▸ Work instruction: Transcribe every line from the one containing "Новый седельный тягач" to the end of the listing, exactly as written, and leave out the pictures.

▸ Dataset extract:
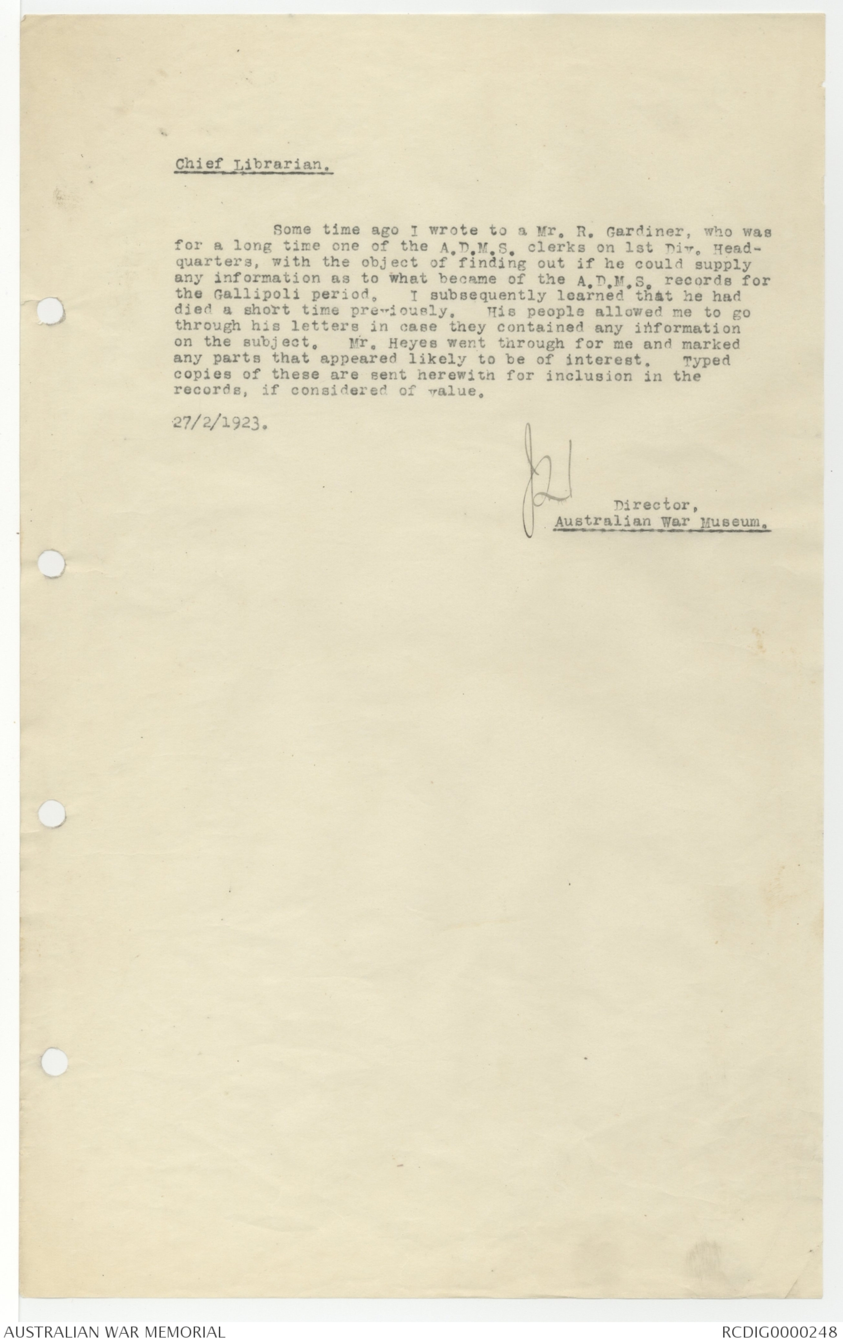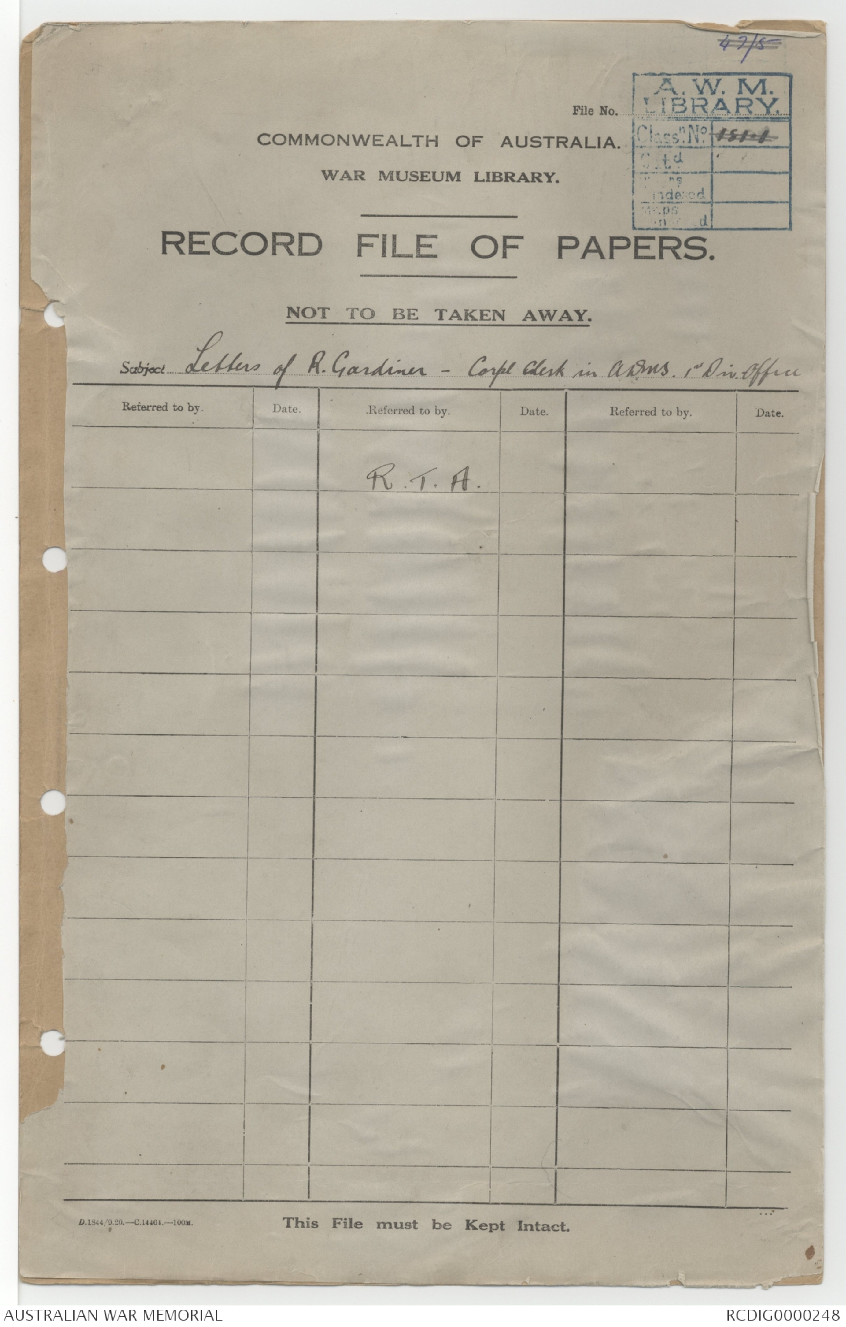 Subject Letters of R. Gardiner - Corpl Clerk in ADMS. 1st Div. Office.
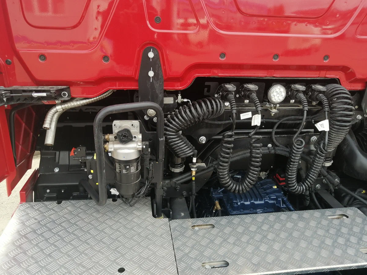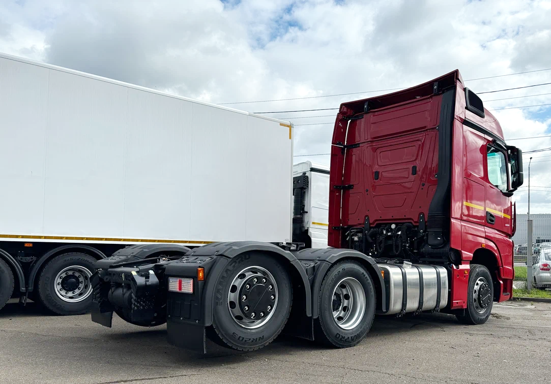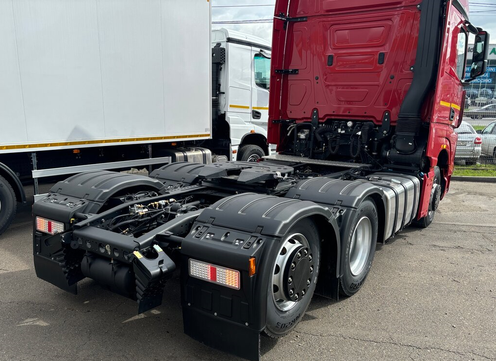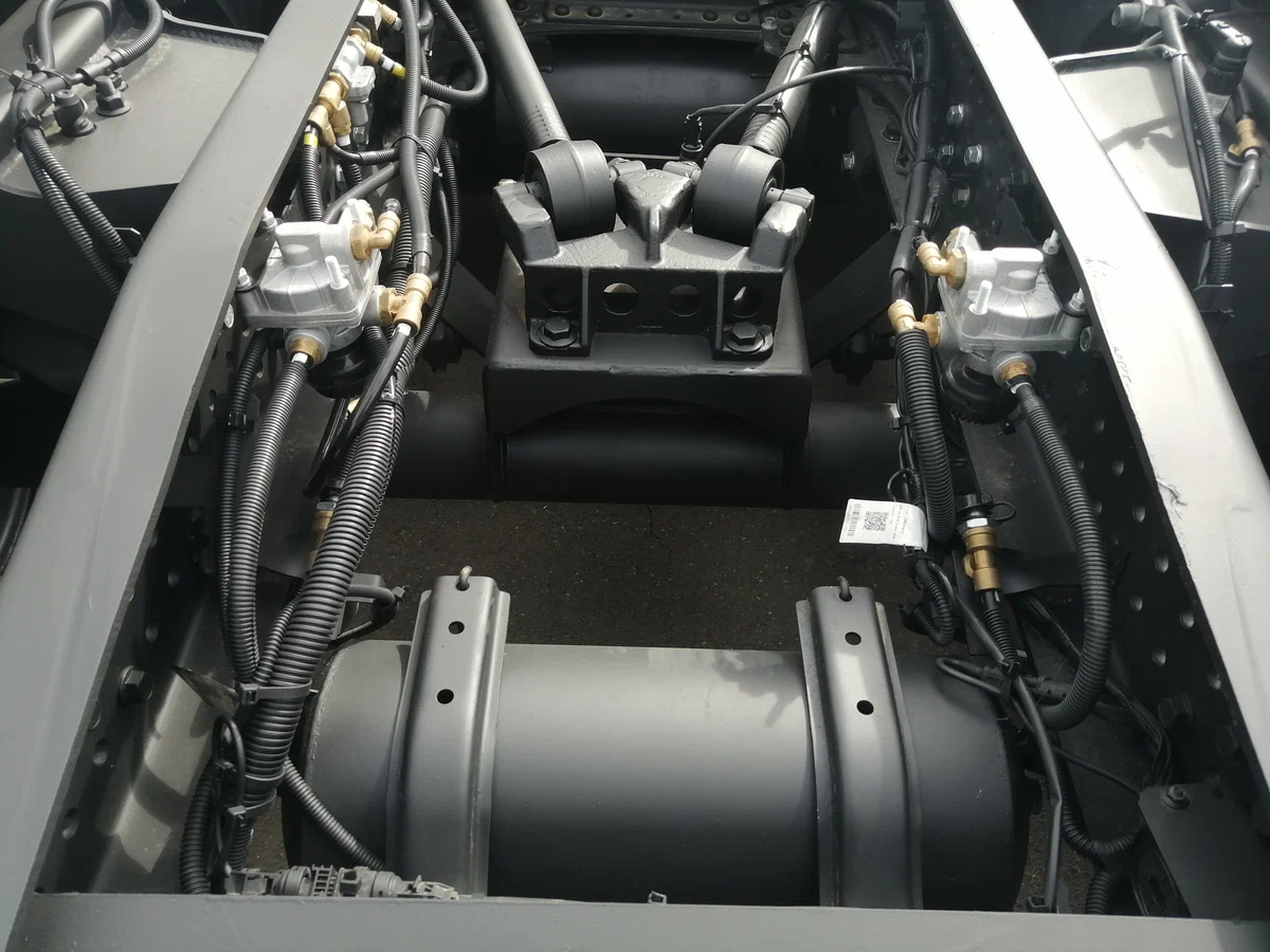 Новый седельный тягач KAMAZ-65659-70018-CA (6х2) оснащен подъемной задней осью, что делает его универсальным решением. Когда груза нет, ось поднимается, что обеспечивает экономию топлива, уменьшает износ резины и улучшает маневренность, как у тягачей 4х2. А при полной загрузке ось опускается, принимая на себя часть веса груза. Это также позволяет снизить риск штрафов, оптимально распределяя нагрузку по осям.
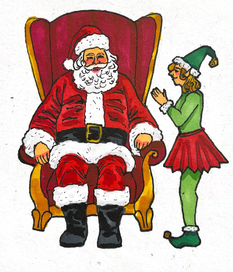Santa’s eyes lit up as he reached for a cookie. “You know, Elfie, I keep thinking about how much I enjoy the cookies that girls and boys leave out on Christmas Eve. I just love them. It would be so nice to know what they’re cooking up this year.”
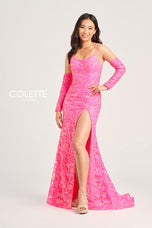 Sequin Tulle Over Lace, High Slit, Matching Gloves, Beaded Straps, Lace-Up Back, Hem

▸ Task result:
 Новый седельный тягач KAMAZ-65659-70018-CA (6х2) оснащен подъемной задней осью, что делает его универсальным решением. Когда груза нет, ось поднимается, что обеспечивает экономию топлива, уменьшает износ резины и улучшает маневренность, как у тягачей 4х2. А при полной загрузке ось опускается, принимая на себя часть веса груза. Это также позволяет снизить риск штрафов, оптимально распределяя нагрузку по осям.
Santa’s eyes lit up as he reached for a cookie. “You know, Elfie, I keep thinking about how much I enjoy the cookies that girls and boys leave out on Christmas Eve. I just love them. It would be so nice to know what they’re cooking up this year.”
 Sequin Tulle Over Lace, High Slit, Matching Gloves, Beaded Straps, Lace-Up Back, Hem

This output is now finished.